Being elected means being a public servant. Public servants must maintain an open mind to the thoughts, concerns and experiences of their customer, the constituent. If we value humility in service and listen to what our fellow Texans tell us, we as a state will move quickly along in the effort to make real progress.
Humble servant-leadership is not just listening to what people have to say, but using the information obtained to set priorities and reorder them when need be. It is this humility that allows the elected official to be true to the spirit of the democratic progress. It is this humility that allows the CEO to be true to their team and customers.
Recently, Rick Perry and his Republican cohorts have jumped on a quote from White's stump speech, making the (foolish) political calculation demanding an apology for a quote they don't understand will somehow help their campaign. The chief concern is White's use of the term "master" in describing Rick Perry. This story originally ran in a blog post on the Dallas Morning News, and reads as follows:
During remarks to a group of African-American leaders having lunch at a Dallas Luby's, Bill Whitesaid he wanted to be a servant of the people, while Gov. Rick Perrywanted to be something else.
"I'm here on a job interview," White said at the forum sponsored by state Rep. Barbara Mallory Caraway and The Elite News."We need a governor who's a servant, as opposed to Rick Perry, who wants to be treated as master."
Those comments were picked up by Talking Points Memo, among others. However, his remarks aren't particularly newsworthy. In fact, it's far from the first time Bill White has ever used the phrase. In addition to the video clip above, take a look at how Bill White has repeated this message for months:
“If a governor ever acts like he owns positions on state boards and commissions, and appointees are expected to serve his personal re-election agenda, then surely it is time to find a new governor. We need a governor who understands that he should serve as a humble servant rather than a demanding master."
“We need somebody who will be a servant and not think they are the master of the state,” White said.
Bill White believes in humble servant leadership - and he's going to talk about that to everyone, in front of everyone. Bob Moser of the Texas Observer touched on this aspect of Bill White's messaging shortly after the primary, and even wrote a column back in March titled, "Preach, Bill, Preach." I'll let Moser close out Part One; stay tuned for Part Two shortly.
You wouldn’t know it to listen to him, most of the time, but White does have a visionary streak. It famously surfaced in the summer of 2005, when Hurricane Katrina drowned New Orleans. Mayor White threw open his city to more than 250,000 refugees, galvanized more than 24,000 volunteers to help them, and told groups who’d booked conventions in Houston to take their money elsewhere. Suddenly, a city known for its cold-blooded capitalism was transformed into a national symbol of compassion. As he personally welcomed victims of the storm, White kept repeating a variation of Matthew 25:35: “For I was hungry and you gave me something to eat. I was thirsty and you gave me something to drink. I was a stranger and you invited me in.”

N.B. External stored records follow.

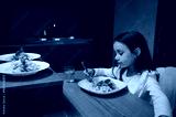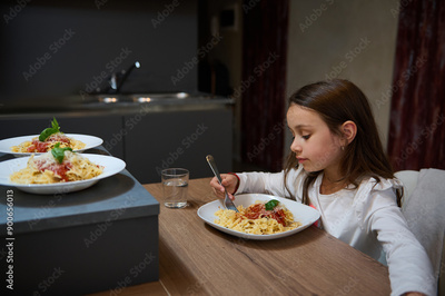 Little girl eating spaghetti dinner alone at home in a cozy kitchen
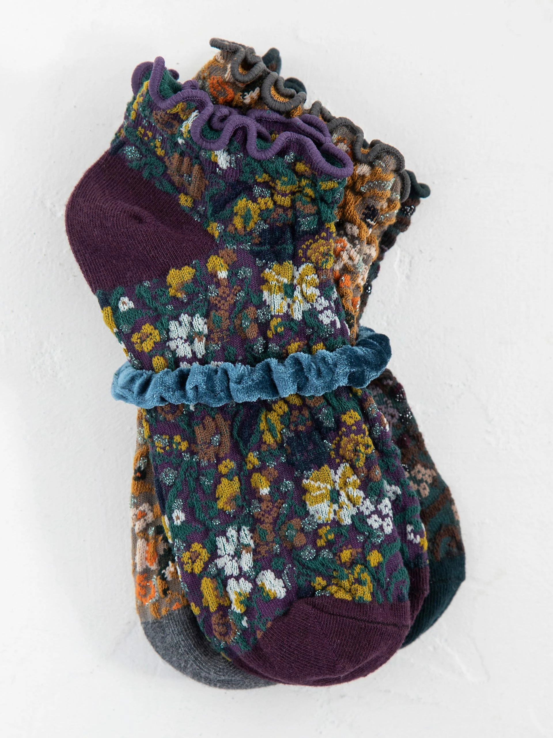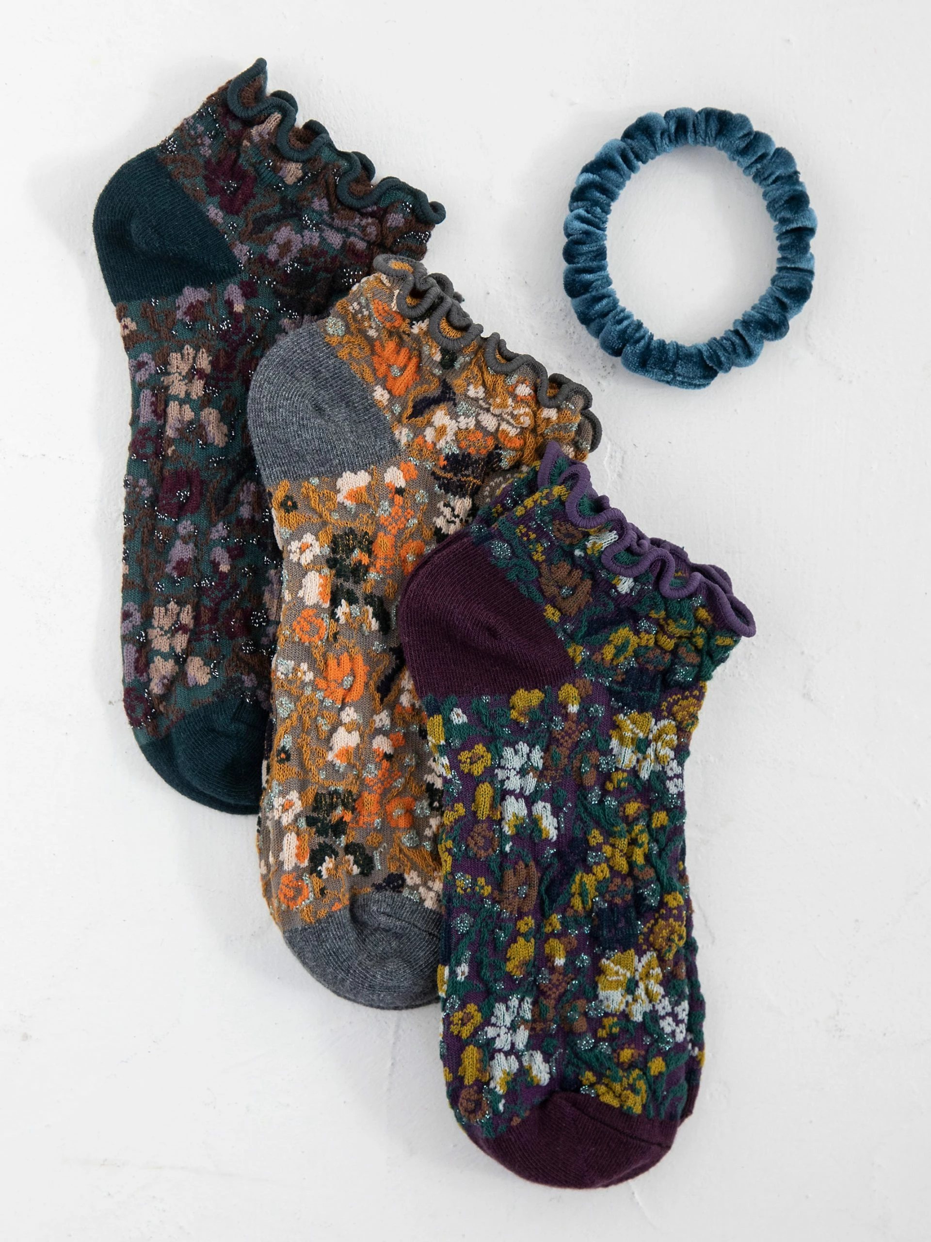 Natural Life Blossom Ankle Socks & Scrunchie, Set Of 3 – Dark Floral
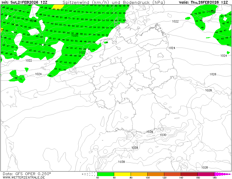 ICONDie ausgewählte Zeit, Parameter und Region ist für dieses Modell verfügbar. ICON ist das globale Wettervorhersagemodell des Deutschen Wetterdienstes (DWD). Vorhersagen bis zu 120 Stunden sind verfügbar. Horizontale Auflösung 13 bzw. 6 km, 90 Modellflächen mit Oberrand in 75 km, der Output am regulären Gitter erfolgt derzeit auf 0.125° global und 0.062° für Europa. Die Karten werden 4 mal am Tag aktualisiert (4:15,10:15, 16:15 und 22:15 UTC).
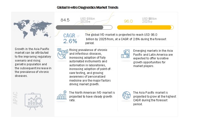 According to the new market research report “In-Vitro Diagnostics Market by Product & Service (Instrument, Kits), Technology (Immunoassay, MDx, Hematology, Urinalysis), Application (Diabetes, Oncology, Cardiology, Nephrology, Infectious Diseases) End User (Hospitals) – Global Forecast to 2025″, published by MarketsandMarkets™, the global IVD Market size is projected to reach USD 96.0 billion by 2025 from USD 84.5 billion in 2020, at a CAGR of 2.6% during the forecast period.
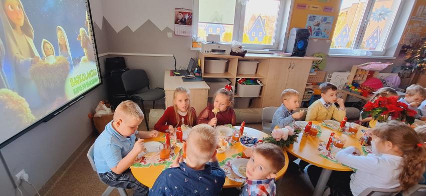Ostatni dzień w przedszkolu przed przerwą świąteczną to wspólny Obiad Wigilijny. Czas w którym wszystkie przedszkolaki siadają do wspólnego stołu, składają życzenia i śpiewają kolędy.
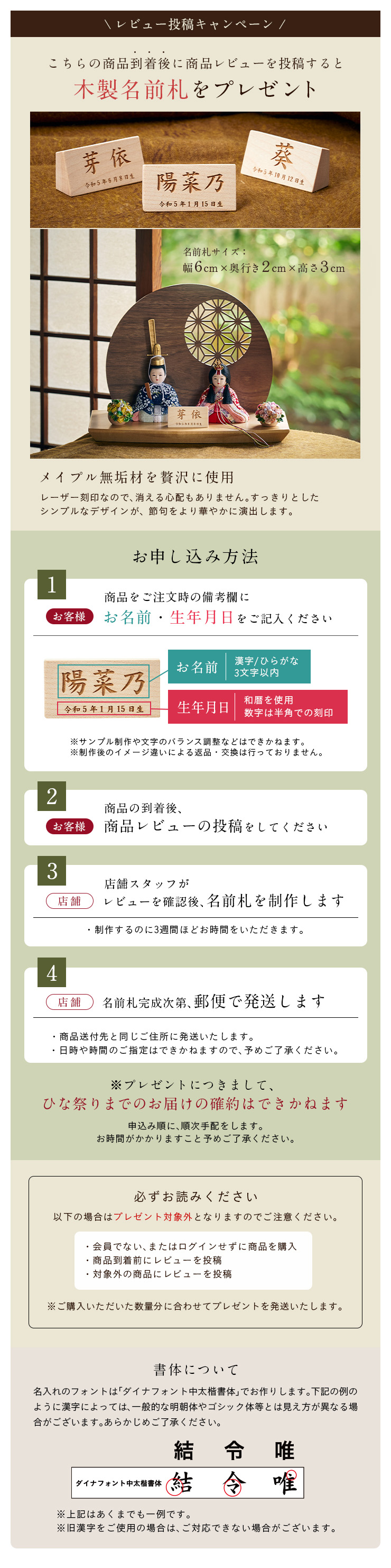 | 材質 | 衣装:ポリエステル、レーヨン 頭(お顔):石膏、胡粉(ごふん)塗り 台座:バーチ無垢材、ウォルナット突板 |
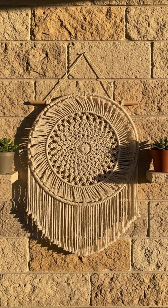 An exterior wall macramé or woven art piece brings the same warmth and texture to an outdoor wall that it would on an interior wall — without fading or weather damage if hung under a covered porch or pergola. Large round macramé hangings cost $30 to $60 on Etsy or at World Market. Hang from a single nail using the attached cord. Pair with two small potted succulents on narrow wall-mounted shelves at either side. The natural fiber and organic shape work with any outdoor style from modern farmhouse to coastal. This wall treatment transforms a blank exterior wall from a boundary into a styled backdrop.
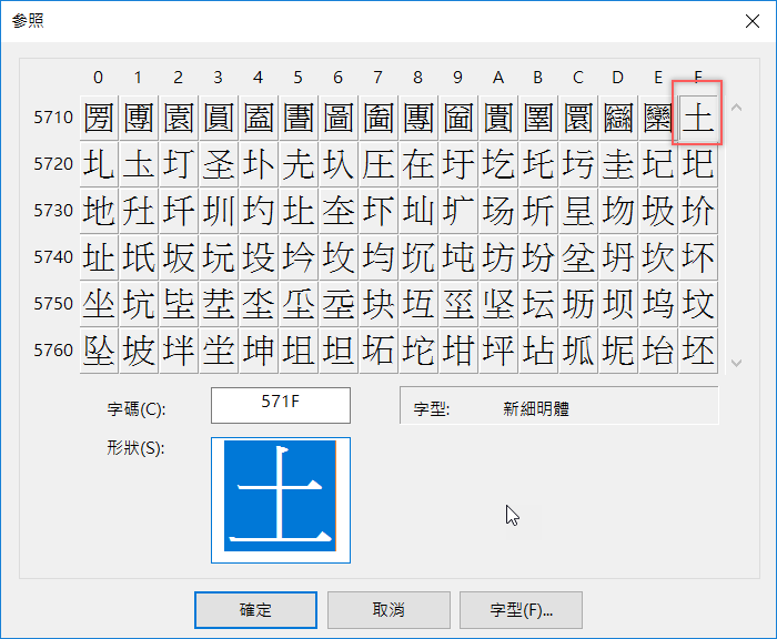 確定後回到參照的地方,到形狀這裡打出要參照的相似字,阿湯今天要造的字是四個土(真的有這個字)。
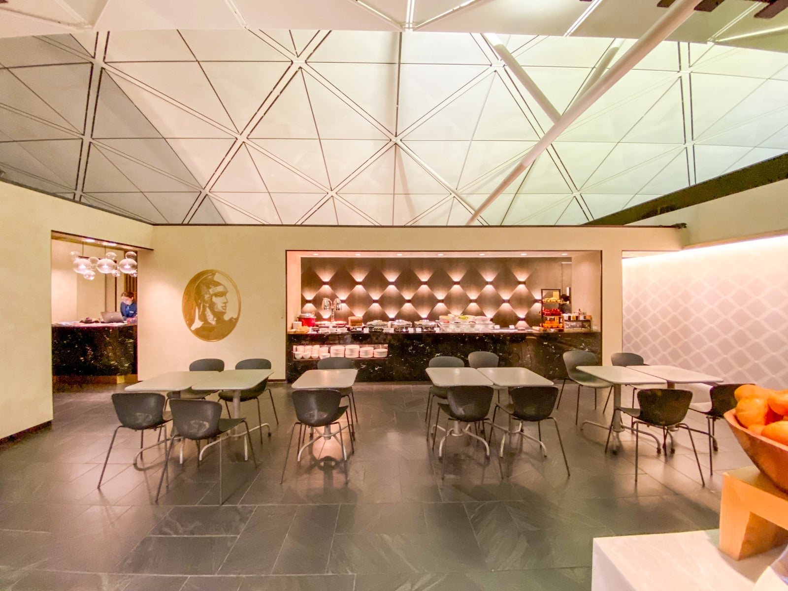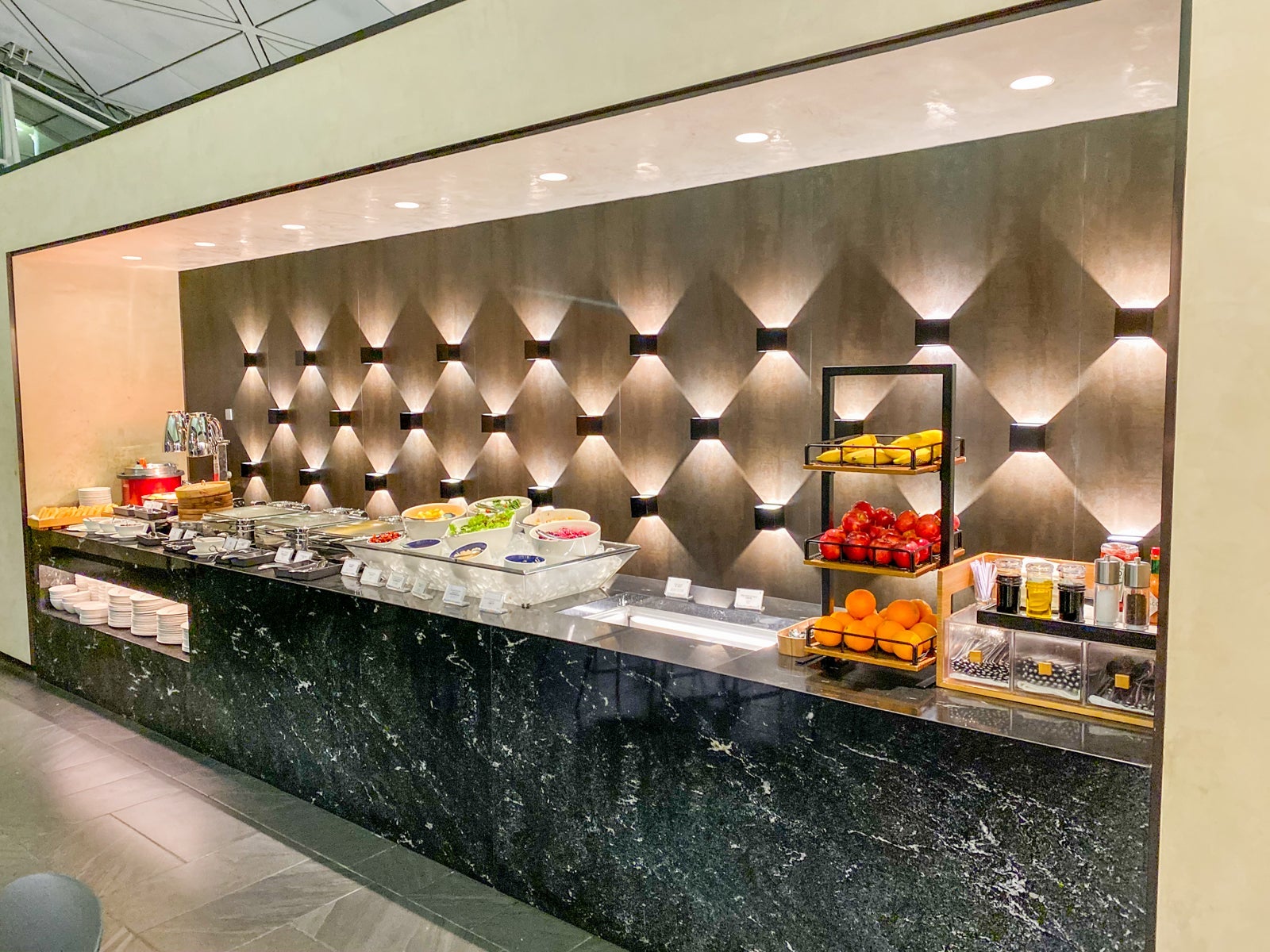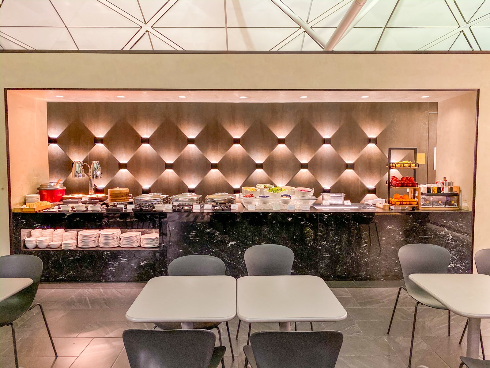 However, there was one peaceful area that I didn't have access to, the dedicated space for Centurion cardholders. Black card holders had a separate space behind the behind a sliding black door leading to more seating and a la carte dining.

That’s the side of Bill White—the Methodist Sunday-school teacher side—that needs to emerge in this campaign. He’s running against a devilishly cunning politician who might not have a vision for Texas, but who sure as shootin’ conveys one. Perry’s version of “Texas values”—frontier-style individualism and up-by-your-bootstraps self-sufficiency—connects at a gut level with many Texans’ view of themselves.
White has flashed glimmers of an alternate vision that could effectively tap into Texans’ better angels. You could hear it in his victory speech on primary night when he said, “Our elected officials should be humble public servants, who use the power of the state to serve the people and not simply to perpetuate themselves in office.” You could hear it the week after the primary, when White went on Dallas’ AM gospel station, “Heaven 97,” and answered a question about how to reintegrate criminal offenders into the community thusly: “Remember the words of the scripture: ‘When I was hungry, you fed me; when I was naked, you clothed me; when I was in prison, you visited me.’ Right? It takes a lot of committed action from people to give people hope and regain a life. It’s not just a matter of a program; it’s also those of us reaching out to these offenders one-by-one and seeing that somebody’s made in the image of God.”